Cumpre recordar que esta Festa não pode ser celebrada no Brasil, uma vez que só foi aprovada para Portugal. Não obstante, podemos meditar sobre esses textos em nossa oração pessoal ou mesmo adaptá-los em uma adoração ao Santíssimo Sacramento ou outro momento de oração comunitária.

Conclusão

Por fim, à guisa de conclusão, cabe recordar aqui a reflexão do Diretório sobre Piedade Popular e Liturgia, promulgado pela Congregação para o Culto Divino e a Disciplina dos Sacramentos em 2001.

Ao elencar as práticas devocionais para o Tempo da Quaresma, particularmente a veneração do Cristo crucificado (nn. 127-129), o Diretório reconhece a devoção “às sagradas chagas do Senhor” dentre as expressões de piedade “legítimas”. Porém adverte:

“Para evitar um fracionamento excessivo na contemplação do mistério da Cruz, é conveniente que se acentue o conjunto todo do evento da Paixão, segundo a tradição bíblica e patrística” (n. 129). Além disso, “deve-se mostrar aos fiéis a essencial referência da Cruz ao evento da Ressurreição: a Morte e a Ressurreição de Cristo são inseparáveis na narrativa evangélica e no projeto salvífico de Deus” (n. 128).

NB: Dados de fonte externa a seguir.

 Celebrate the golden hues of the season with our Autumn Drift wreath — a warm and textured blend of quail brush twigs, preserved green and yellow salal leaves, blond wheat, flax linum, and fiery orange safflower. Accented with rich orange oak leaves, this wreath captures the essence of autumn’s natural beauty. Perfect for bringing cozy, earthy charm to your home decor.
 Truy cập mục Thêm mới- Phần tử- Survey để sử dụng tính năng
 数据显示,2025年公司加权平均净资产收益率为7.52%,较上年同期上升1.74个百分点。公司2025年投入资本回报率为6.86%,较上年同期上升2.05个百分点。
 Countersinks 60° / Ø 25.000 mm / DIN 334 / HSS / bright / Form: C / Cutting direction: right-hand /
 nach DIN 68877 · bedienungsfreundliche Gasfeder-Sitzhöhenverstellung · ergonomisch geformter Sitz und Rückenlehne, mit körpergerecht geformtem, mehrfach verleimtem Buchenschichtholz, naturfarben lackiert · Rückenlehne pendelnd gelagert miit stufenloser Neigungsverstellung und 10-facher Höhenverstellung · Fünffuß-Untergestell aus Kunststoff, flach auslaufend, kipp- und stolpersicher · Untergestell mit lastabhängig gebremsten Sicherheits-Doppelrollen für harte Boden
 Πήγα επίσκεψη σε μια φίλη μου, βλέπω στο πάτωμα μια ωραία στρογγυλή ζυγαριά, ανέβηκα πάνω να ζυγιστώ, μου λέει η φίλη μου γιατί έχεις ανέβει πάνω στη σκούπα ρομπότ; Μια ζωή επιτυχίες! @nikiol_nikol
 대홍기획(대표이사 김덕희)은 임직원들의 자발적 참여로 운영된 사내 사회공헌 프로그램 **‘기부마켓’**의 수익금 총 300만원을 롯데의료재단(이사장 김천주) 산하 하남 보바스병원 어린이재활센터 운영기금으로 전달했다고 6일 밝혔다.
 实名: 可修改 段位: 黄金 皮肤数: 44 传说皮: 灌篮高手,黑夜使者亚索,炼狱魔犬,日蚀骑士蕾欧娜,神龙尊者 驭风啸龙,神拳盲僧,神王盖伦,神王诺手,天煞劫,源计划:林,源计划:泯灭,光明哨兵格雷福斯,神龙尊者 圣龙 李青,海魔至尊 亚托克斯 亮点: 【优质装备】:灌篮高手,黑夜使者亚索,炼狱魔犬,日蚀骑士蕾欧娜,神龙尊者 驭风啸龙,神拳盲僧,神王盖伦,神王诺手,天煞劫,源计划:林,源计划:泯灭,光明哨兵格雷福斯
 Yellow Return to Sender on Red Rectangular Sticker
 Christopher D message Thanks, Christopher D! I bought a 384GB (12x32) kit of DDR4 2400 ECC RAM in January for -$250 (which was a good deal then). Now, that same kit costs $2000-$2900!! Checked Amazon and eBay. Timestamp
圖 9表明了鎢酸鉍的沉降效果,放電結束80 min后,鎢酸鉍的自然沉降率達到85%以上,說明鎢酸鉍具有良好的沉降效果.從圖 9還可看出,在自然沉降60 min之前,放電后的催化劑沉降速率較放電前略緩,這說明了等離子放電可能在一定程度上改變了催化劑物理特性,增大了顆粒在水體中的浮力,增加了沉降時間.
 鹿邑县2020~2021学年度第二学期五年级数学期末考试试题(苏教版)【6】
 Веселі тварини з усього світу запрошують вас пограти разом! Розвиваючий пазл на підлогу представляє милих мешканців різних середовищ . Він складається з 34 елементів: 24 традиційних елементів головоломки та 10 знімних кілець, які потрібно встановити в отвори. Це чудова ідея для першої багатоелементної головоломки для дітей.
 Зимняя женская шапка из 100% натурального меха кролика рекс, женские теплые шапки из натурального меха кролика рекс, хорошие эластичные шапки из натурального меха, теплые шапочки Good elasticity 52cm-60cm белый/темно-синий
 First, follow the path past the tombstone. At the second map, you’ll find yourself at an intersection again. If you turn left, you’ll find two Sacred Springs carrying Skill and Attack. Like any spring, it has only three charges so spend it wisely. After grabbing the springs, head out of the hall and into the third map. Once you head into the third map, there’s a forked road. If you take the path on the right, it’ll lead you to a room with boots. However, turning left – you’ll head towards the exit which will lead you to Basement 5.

Fonte das Cinco Chagas (Santuário do Bom Jesus do Monte, Braga - Portugal)
"Por suas chagas fomos curados" (Is 53,5; 1Pd 2,24)

Referências:

BERGER, Rupert. Chagas de Cristo. in: Dicionário de Liturgia Pastoral: Obra de consulta sobre todas as questões referentes à Liturgia. São Paulo: Loyola, 2010, p. 90.

CONGREGAÇÃO PARA O CULTO DIVINO E A DISCIPLINA DOS SACRAMENTOS. Diretório sobre Piedade Popular e Liturgia: Princípios e orientações. São Paulo: Paulinas, 2003, pp. 114-116.

CONGREGAZIONE DELLA PASSIONE DI GESÙ CRISTO. Messale proprio della Congregazione.

HOLWECK, Frederick. The Five Sacred Wounds. in: The Catholic Encyclopedia.

PASSIONIST HISTORICAL ARCHIVES. Chaplet of the Five Wounds.